[Data entries]
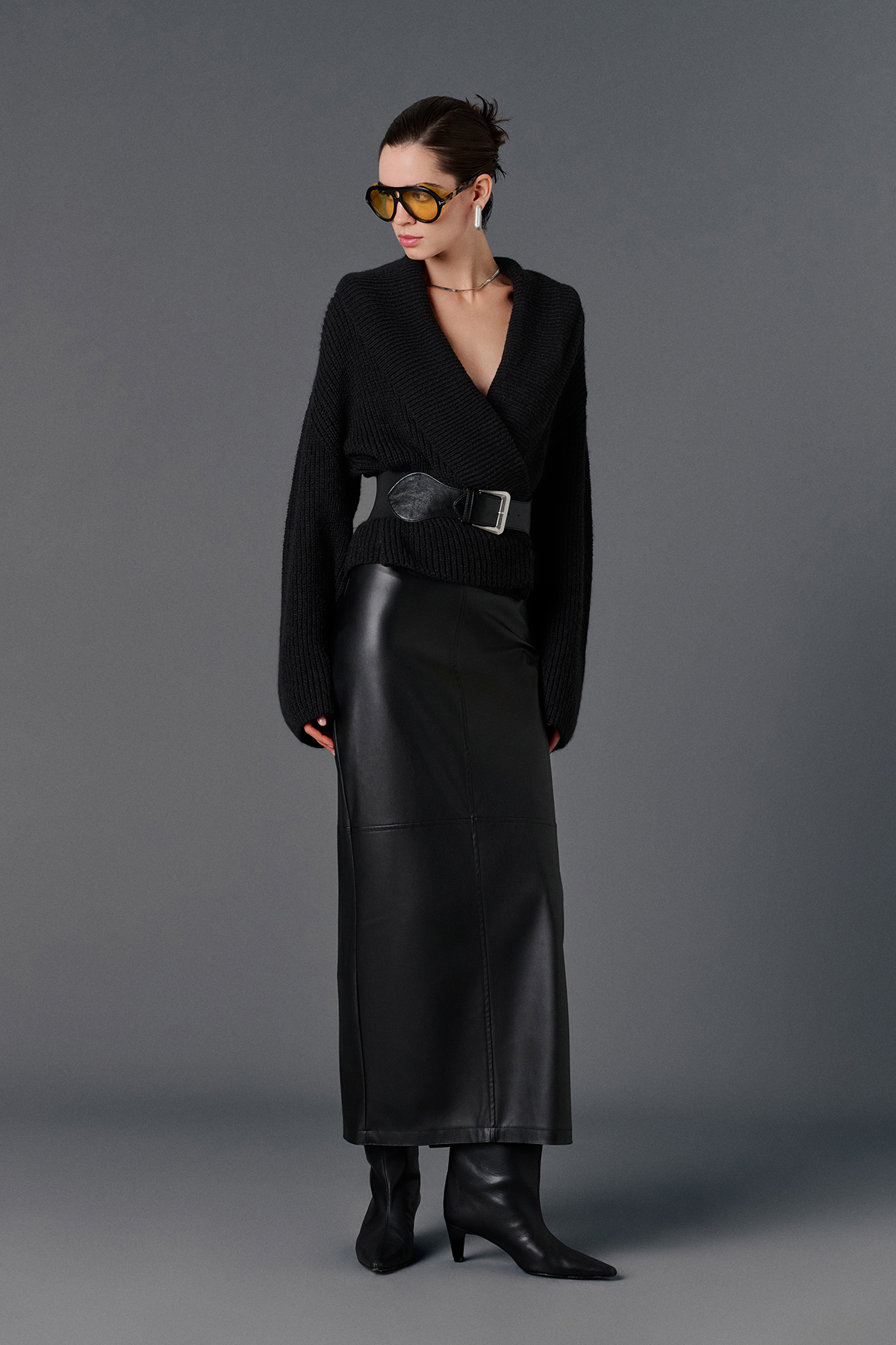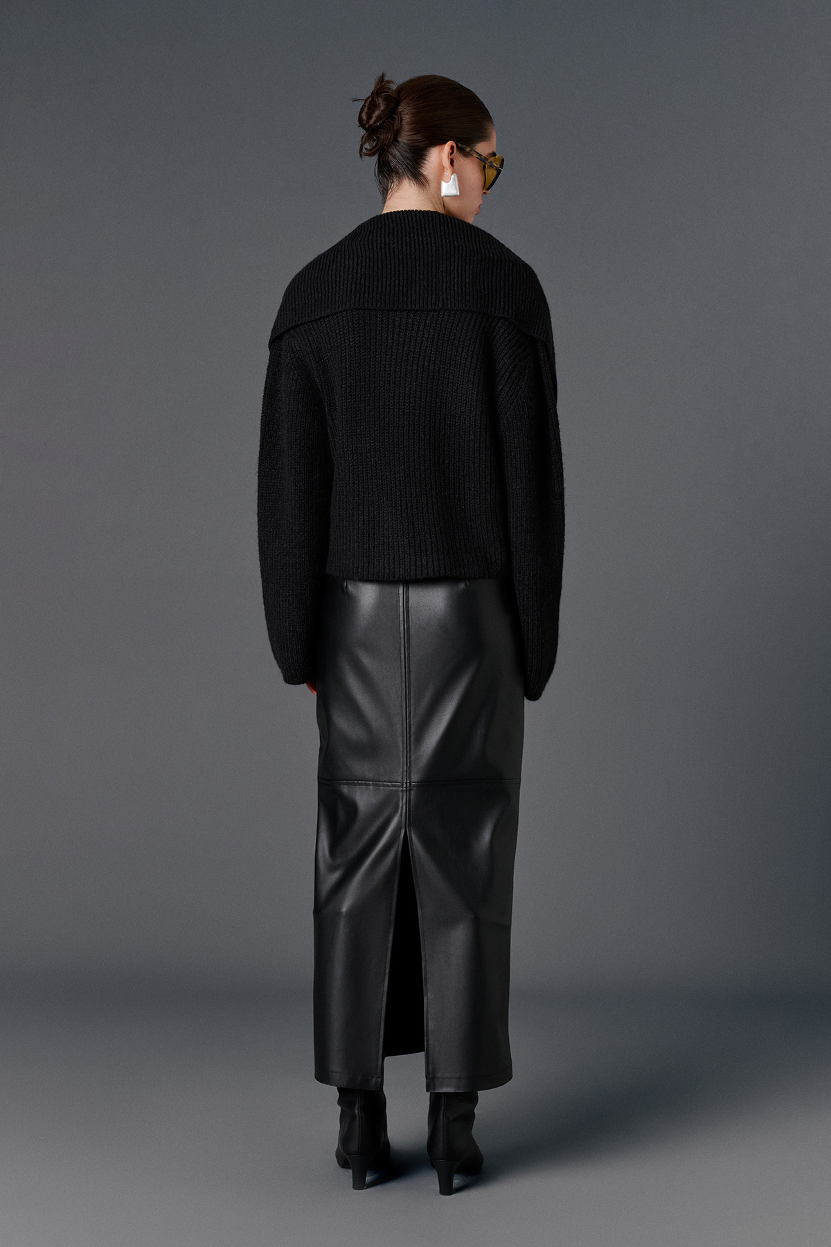 Deri görünümlü, dikiş detaylı, arkası yırtmaçlı, midi boy, fermuar kapamalı etek.
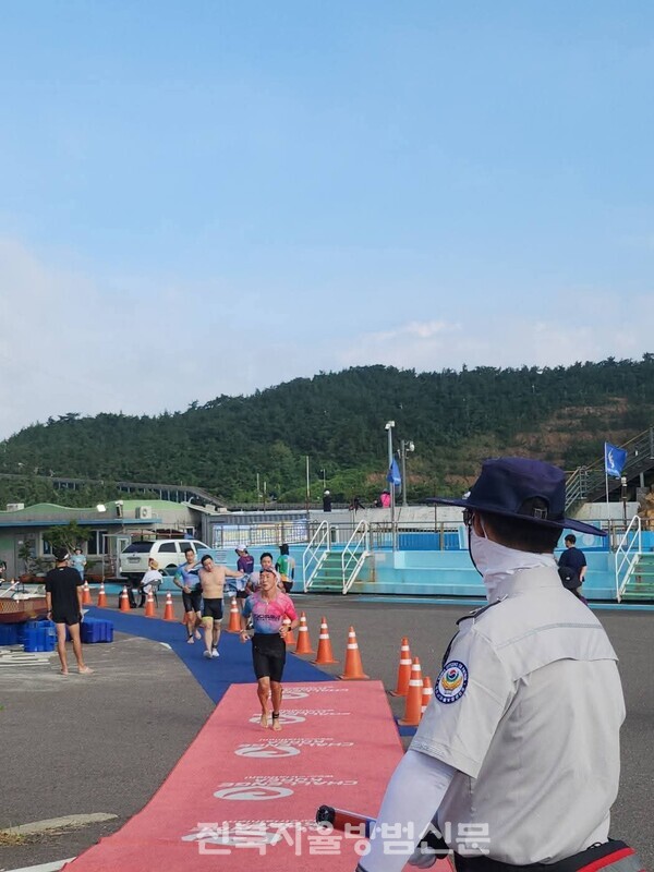 올해도 여지없이 뜨거운 여름 작열하는 태양 아래 인간의 한계에 도전하는 철인들의 안전을 위해 하루 종일 경기장 일원을 지킨 자율방범대의 봉사활동이 화제다.
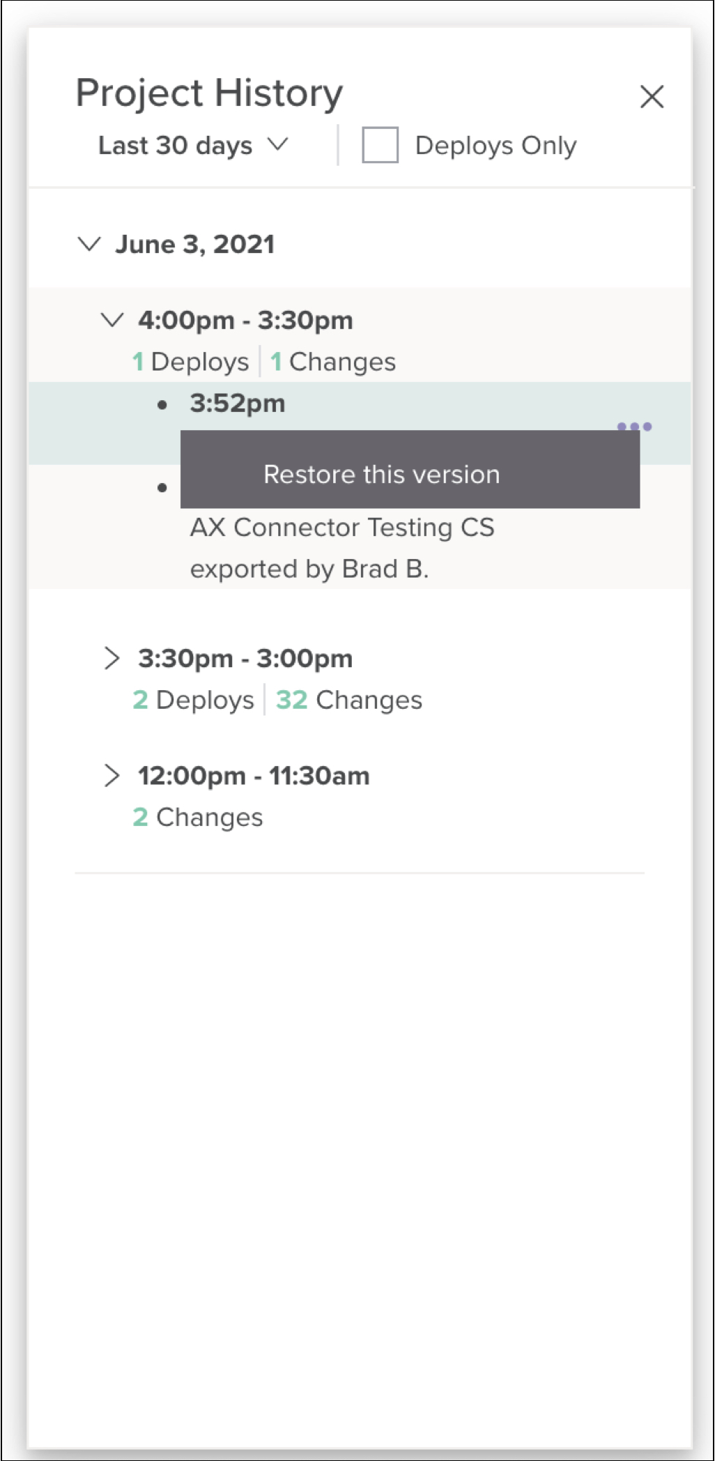 優秀示例:Jitterbit Cloud Studio 提供專案歷史時間線,使用者可檢視更改記錄並恢復早期版本。
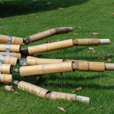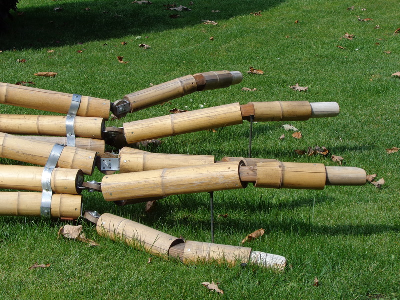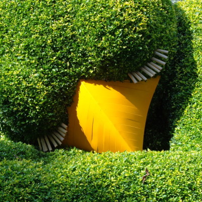 Le corps et la tête du poussin sont composés de végétaux vivants plantés sur une structure grillagée. Le bec, les pattes et les accessoires de la valise sont en contreplaqué, bambous, bois et zinc.
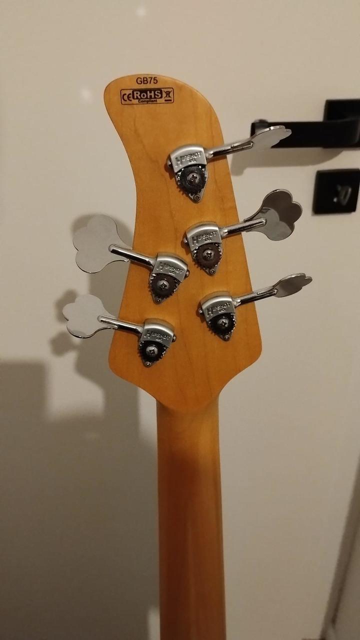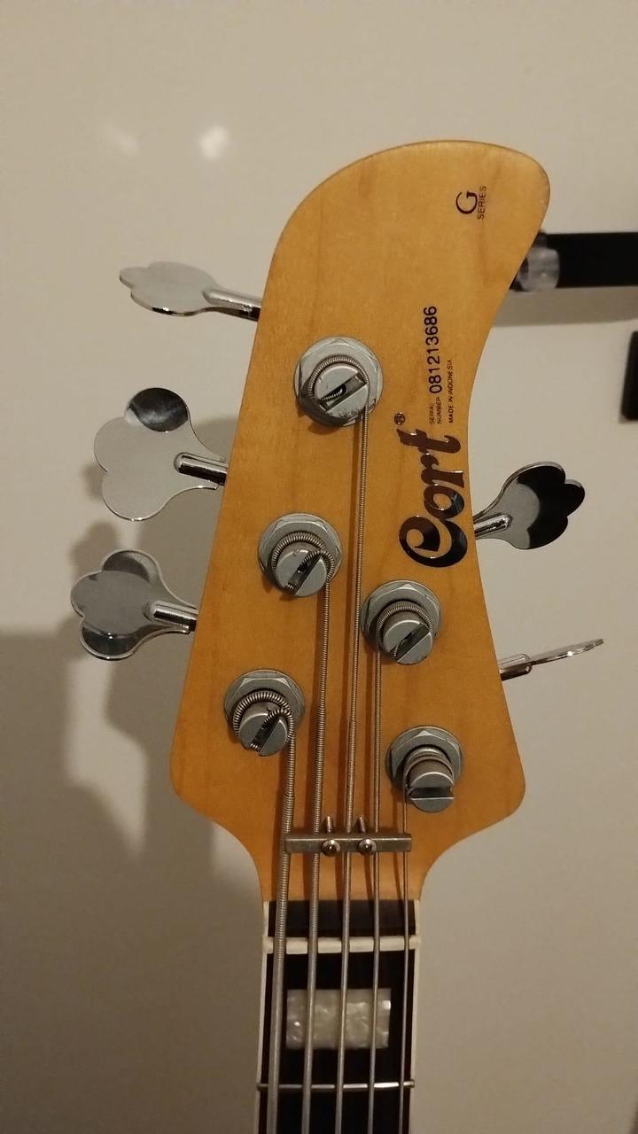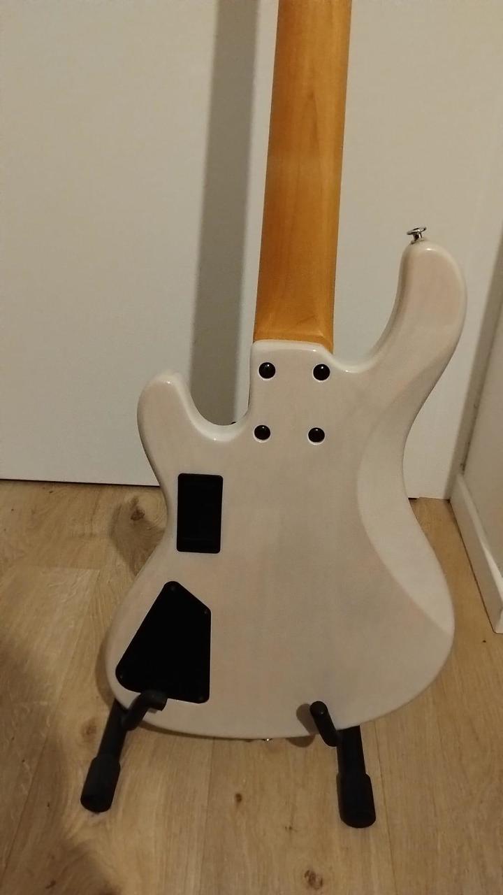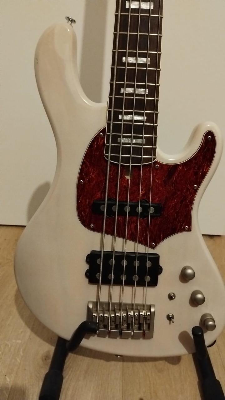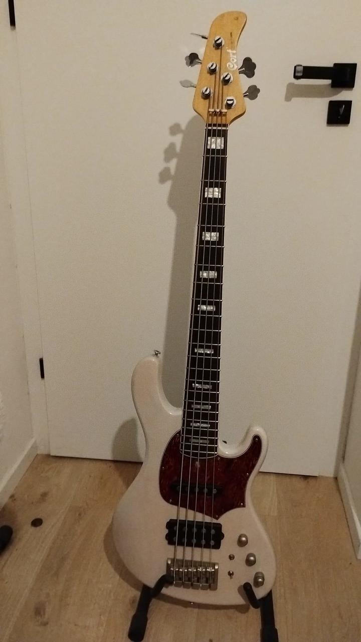 Predám 5 strunovú basu Cort GB75, čiastočne transparentná farba (pod farbou presvitá kresba dreva), snímače upgradované na RM Pickups JMM set ->samarium kobaltové magnety. Active/Passive prepínač na volube knobe + rozpínanie kobylkového snímača prepínačom, mid shift prepínač. Basa bola odborne nastavená, veľmi pohodlne hrateľná, nízky dohmat, dobrý zvuk. Mám príliš veľa bás tak výmena skôr nie.
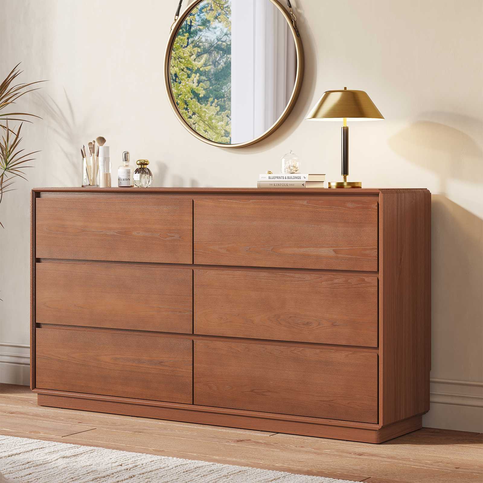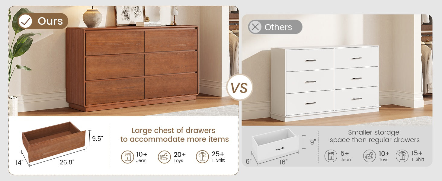【Spacious Storage Solution】This 6 drawer dresser features thoughtfully designed, handleless drawers, offering ample storage space (Dresser size:55.2" W x 33.7" H x 15.8" D). Noise-free drawer operation won’t disrupt sleep. The drawers use bottom-mounted drawer slides to withstand more weight. The spacious top is perfect for displaying lamps, clocks, plants, or picture frames, adding warmth and personality to your room.

INSTRUCTIONS TO FOLLOW — Your copy should hold each line above exactly and no pictures at all.

RESULT —
 Deri görünümlü, dikiş detaylı, arkası yırtmaçlı, midi boy, fermuar kapamalı etek.
 올해도 여지없이 뜨거운 여름 작열하는 태양 아래 인간의 한계에 도전하는 철인들의 안전을 위해 하루 종일 경기장 일원을 지킨 자율방범대의 봉사활동이 화제다.
 優秀示例:Jitterbit Cloud Studio 提供專案歷史時間線,使用者可檢視更改記錄並恢復早期版本。
 Le corps et la tête du poussin sont composés de végétaux vivants plantés sur une structure grillagée. Le bec, les pattes et les accessoires de la valise sont en contreplaqué, bambous, bois et zinc.
 Predám 5 strunovú basu Cort GB75, čiastočne transparentná farba (pod farbou presvitá kresba dreva), snímače upgradované na RM Pickups JMM set ->samarium kobaltové magnety. Active/Passive prepínač na volube knobe + rozpínanie kobylkového snímača prepínačom, mid shift prepínač. Basa bola odborne nastavená, veľmi pohodlne hrateľná, nízky dohmat, dobrý zvuk. Mám príliš veľa bás tak výmena skôr nie.
【Spacious Storage Solution】This 6 drawer dresser features thoughtfully designed, handleless drawers, offering ample storage space (Dresser size:55.2" W x 33.7" H x 15.8" D). Noise-free drawer operation won’t disrupt sleep. The drawers use bottom-mounted drawer slides to withstand more weight. The spacious top is perfect for displaying lamps, clocks, plants, or picture frames, adding warmth and personality to your room.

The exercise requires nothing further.